I cant say that I never went home with anyone though. I did. he didn’t want me to dance. he said “I’m going to have some dinner, please join me.” It was mothers day. His mother had passed away from a freak pharmaceutical accident where a pharmacist had given her the wrong scrip.ha ha! Again, understanding comes too late. I am just now considering that maybe he goes to to a strip club and tells this story every mothers day!!!! LOL!! He was nice, he was a hardworking chef. late 20’s early 30’s. Drank way more than I did. I got annoyed when he would call me drunk and slurring, wanting to come over. No way dude! that changed later too, but not with him. but we hung out a fewtimes. one time when we were screwing, I did a ZZ Top impersonation: “ahow how how how”. Totally blew his mind! It was fun!
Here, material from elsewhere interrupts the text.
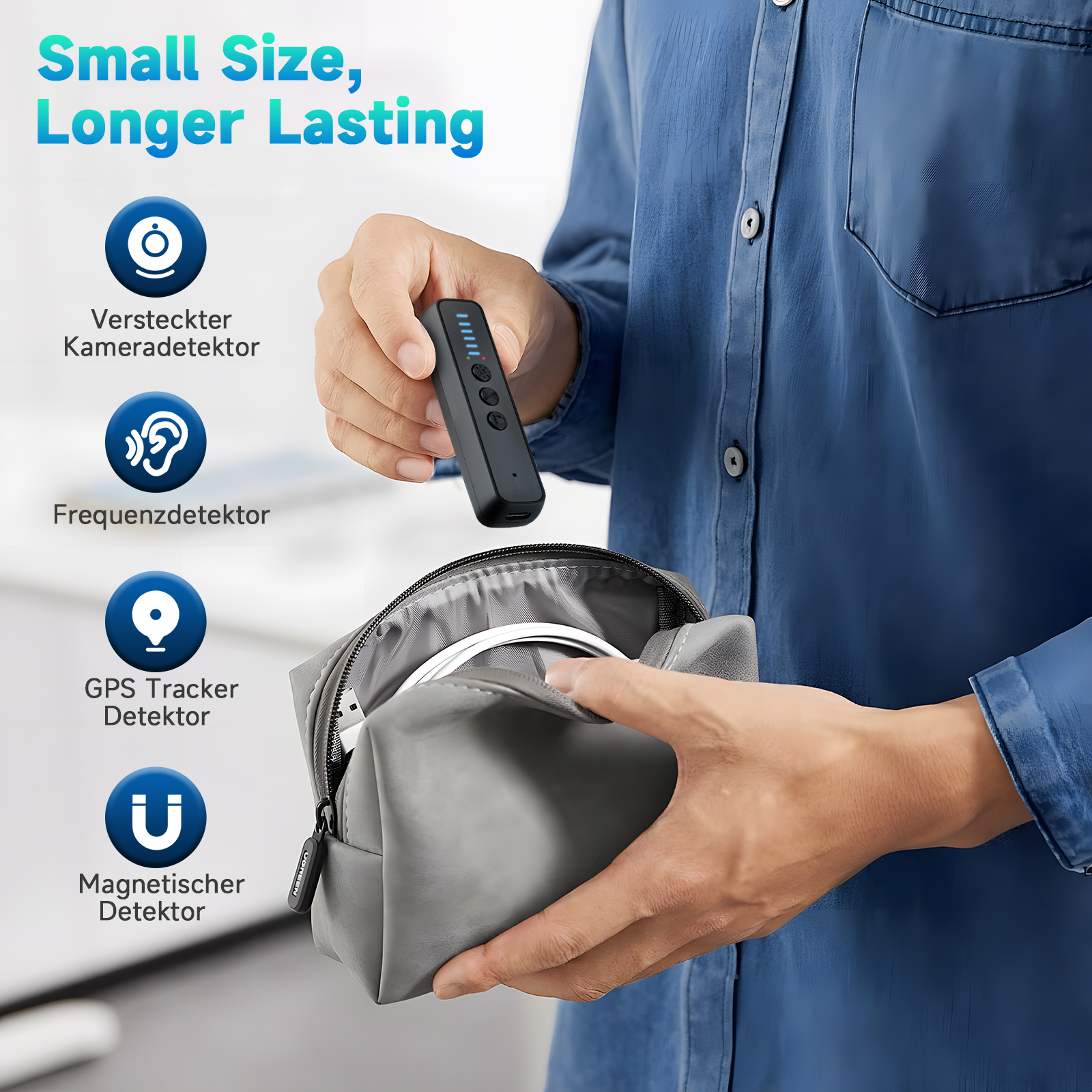 4.【Low-key Portable Design and Long Working Hours】This anti spy camera detector has stylish unique appearance like a pen, the size is quite small perfect for carrying around. The bug detector is equipped with a Lithium Ion rechargeable battery,you can easily keep it continuously working for over 5 hours after full charging. Standby time over 24 hours (the length of time depends on the use mode) .

But it wasn’t the first time I met a man on mothers day whose mother had died and then…wait a minute!!! All of them really??? Could it be that I was really fooled by that same story twice?.
What motivates her overall? her need to be smart. for others to notice. WHY is it so hard for her to admit that she wants others to like her??? I mean, isn’t this normal for most people? Why is she embarrassed every time someone catches her caring about what they think of her? Even though she makes it totally obvious. No deep relationships? No one that she would know until the day she died.
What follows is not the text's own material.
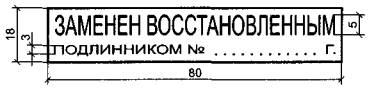 Г.2 Штамп «ЗАМЕНЕН ВОССТАНОВЛЕННЫМ ПОДЛИННИКОМ № … г.» с указанием порядкового номера восстановления подлинника и даты его восстановления ставят на подлинниках документов, с которых изготовлены восстановленные подлинники. Форма штампа приведена на рисунке Г.1.

having done this, and thinking its not as scary as it was made out to be (only because you can never see in the thick of things.), she embarks on some very bad ideas. One being taking her clothes off for a guy she meets in a bar. He says “Ill give you 400 dollars if you come to this hotel room and just take your clothes of and let me look at you for one minute.” He shows her pictures of his daughter to prove he has something to lose. She believes him. maybe she’s right, maybe not. Well this is practically rent and she really doesn’t want to go to the club to compete with other chicks for scarce dollars. mind you, she would have never even thought of doing this BEFORE, but now she doesn’t blink an eye. But remember, even when she was innocent, she never flinched. So now the mission is just getting the rent.
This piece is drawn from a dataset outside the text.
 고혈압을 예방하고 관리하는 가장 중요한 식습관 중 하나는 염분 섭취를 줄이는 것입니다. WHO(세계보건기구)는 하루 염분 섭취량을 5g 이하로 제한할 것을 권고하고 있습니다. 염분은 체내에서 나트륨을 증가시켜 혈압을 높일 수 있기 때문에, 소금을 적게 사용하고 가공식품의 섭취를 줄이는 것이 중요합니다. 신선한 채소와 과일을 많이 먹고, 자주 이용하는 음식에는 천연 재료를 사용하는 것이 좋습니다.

By now, she’d forgotten all the pie in the sky, I want to learn and share shit.. so later she’ll figure how this all fits together. so she goes to the hotel room, a super 8. They go in the room and she, thinking she is so savvy, asks him for the money immediately. he puts down a liquor bottle on the night stand. No way she says. Give me the money first. He says he only has half of it. she says give me half then. so he does 200$. she sits and has a drink on the edge of the bed, taking her shoes off. She decides that she will tease him and taker her top off then stop. she does. She tells him, well, this is half naked then. anymore and I will be needing the other 200. His signals say he doesn’t have it. she pretends to feel faint suddenly and sits on the edge of the bed again, slyly slipping her shoes on has he stands close in front of her. She stands up, teasingly as though she is about to put on a show. He loosens, and she bolts for the door, yelling “that’s 200 bucks worth!!! thanks!!”jumps in her car and bolts home to watch Mr. show. the best sketch comedy ever. Now she has time to do this. and it only took 30 minutes of risking life and limb. but its totally worth it.